Hal böyleyken, kadınların kendilerini ifade etme yolları ve topluma varoluşlarını sürdürebilme becerileri büyük bir önem arz ediyor. Sena, yaşadığı zor zamanlarda aile ve arkadaş desteğinin önemine vurgu yaparak, "Ailem ve dostlarımın sevgisi, bana her şeyin üstesinden gelebileceğimi hatırlatıyor. Fakat bu, yine de toplumun Özgürce ve güvenli bir şekilde yaşamamızı sağlayacak önlemlere ihtiyacımız olduğu gerçeğini değiştirmiyor" diyor.
Maalesef, Türkiye'de kadın cinayetleri her geçen gün artış göstermekte. Özellikle, toplumsal normların ve cinsiyet eşitsizliğinin kadının yaşam hakkını tehdit eder hale gelmesi, Sena gibi birçok kadının kaygılarını derinleştiriyor. Kadınların toplumda varoluşu, sadece cesaretle değil, aynı zamanda devletin ve toplumun her katmanında sağlanacak güvenlikle ilişkilidir. Sena gibi kadınlar, bu cinayetlere karşı güçlü bir duruş sergiliyor ve topluma sesleniyor: "Bizler birer potansiyel cinayet kurbanı değiliz. Bizler, toplumda eşit şekilde var olmayı istemekle yükümlüyüz" diyor.

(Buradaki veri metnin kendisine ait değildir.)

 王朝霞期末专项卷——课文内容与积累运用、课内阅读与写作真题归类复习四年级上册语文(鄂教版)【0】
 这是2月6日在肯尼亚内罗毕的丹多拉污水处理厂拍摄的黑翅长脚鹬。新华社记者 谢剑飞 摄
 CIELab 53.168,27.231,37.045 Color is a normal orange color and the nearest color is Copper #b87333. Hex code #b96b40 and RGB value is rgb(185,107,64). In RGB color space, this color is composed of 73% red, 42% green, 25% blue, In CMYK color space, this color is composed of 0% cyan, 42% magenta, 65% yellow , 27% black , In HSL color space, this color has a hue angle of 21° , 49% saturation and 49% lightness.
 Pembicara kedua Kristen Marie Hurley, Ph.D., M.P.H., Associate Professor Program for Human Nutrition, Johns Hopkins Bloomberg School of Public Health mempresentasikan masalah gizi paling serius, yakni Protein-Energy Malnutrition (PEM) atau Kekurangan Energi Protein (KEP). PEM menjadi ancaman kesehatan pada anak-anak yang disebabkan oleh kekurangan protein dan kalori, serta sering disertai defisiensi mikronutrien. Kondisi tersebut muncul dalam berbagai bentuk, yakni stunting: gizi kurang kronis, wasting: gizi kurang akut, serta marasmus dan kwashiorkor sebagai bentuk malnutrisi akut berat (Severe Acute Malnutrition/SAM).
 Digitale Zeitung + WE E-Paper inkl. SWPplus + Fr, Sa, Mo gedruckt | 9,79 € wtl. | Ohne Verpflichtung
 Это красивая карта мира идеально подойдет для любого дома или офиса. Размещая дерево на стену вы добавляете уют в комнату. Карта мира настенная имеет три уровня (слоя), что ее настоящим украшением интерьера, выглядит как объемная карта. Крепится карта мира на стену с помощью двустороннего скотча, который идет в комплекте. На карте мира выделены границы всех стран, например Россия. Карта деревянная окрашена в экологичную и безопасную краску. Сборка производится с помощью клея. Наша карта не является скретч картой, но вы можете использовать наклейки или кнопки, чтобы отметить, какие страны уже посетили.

Sena'nın çağrısı, yalnızca bir bireyin serzenişi değil, aynı zamanda kadınların gücünü ve dayanışmasını vurgulayan bir ses. “Bu savaşı kazanmak için kadınların dayanışmasını artırmalıyız. Her bir kadının sesi, diğer bir kadının kurtuluşuna vesile olabilir” diyerek, bu anorektik duruma karşı kararlılığını belirtiyor. Sena'nın uğraşı, toplumsal cinsiyet eşitsizliğine karşı bir duruş sergilerken, bir yandan da hayata tutunmaya yardımcı olabilecek bir destek arayışının yansımasını ortaya koyuyor.
Sena'nın çığlığı, sadece kendi yaşamına değil, aynı zamanda tüm kadınlara hitap eden ve toplumda bir dönüşüm yaratmayı hedefleyen bir çağrıdır. Bu çağrı, kadın cinayetlerinin durdurulması, toplumsal cinsiyet eşitsizliğinin ortadan kaldırılması ve kadınların toplumda daha fazla yer almasını sağlamak adına atılacak adımların önemini vurgulamaktadır. Her kadın, hayatta sadece cinayet olarak anılmak istemiyor; her kadın, sevdiğiyle, toplumu ile iç içe, sağlıklı ve güvenli bir yaşam sürmeyi arzuluyor. Sena'nın hikayesi, bu gerçekliğin önemi üzerine düşünmemiz gerektiğini gösteriyor.
Yaşanan her bir kadın cinayeti, yalnızca o bireyin hayatını değil, o kişinin ailesini ve çevresini de etkileyen derin yaralar bırakmaktadır. Bu yüzden her bireyin bu konuda sorumluluk alması, dönüştürücü bir toplum oluşturmak için ilk adımlardan biri. Sena, toplumsal cinsiyet eşitsizliğine ve kadına yönelik şiddetle ilgili mücadelesine devam ederken, diğer kadınların da sesini duymak ve bu konuda birlik olmanın önemine vurgu yapıyor.
Sonuç olarak, Sena'nın içten çağrısı, yalnızca kendisini değil, tüm kadınları temsil eden bir duruş sergiliyor. Bu mücadelede, kadınların sesini duyurması ve toplumlarda adalet arayışının sürdürülmesi gerekmektedir. “Kadın cinayeti olarak anılmak istemiyorum,” diyen Sena'nın sesi, gelecekte daha güvenli bir yaşam talebinin çığlığıdır; bu çığlığın her kadına ulaşması ve bir ses haline dönüşmesi, geleceğimiz için hayati bir öneme sahiptir.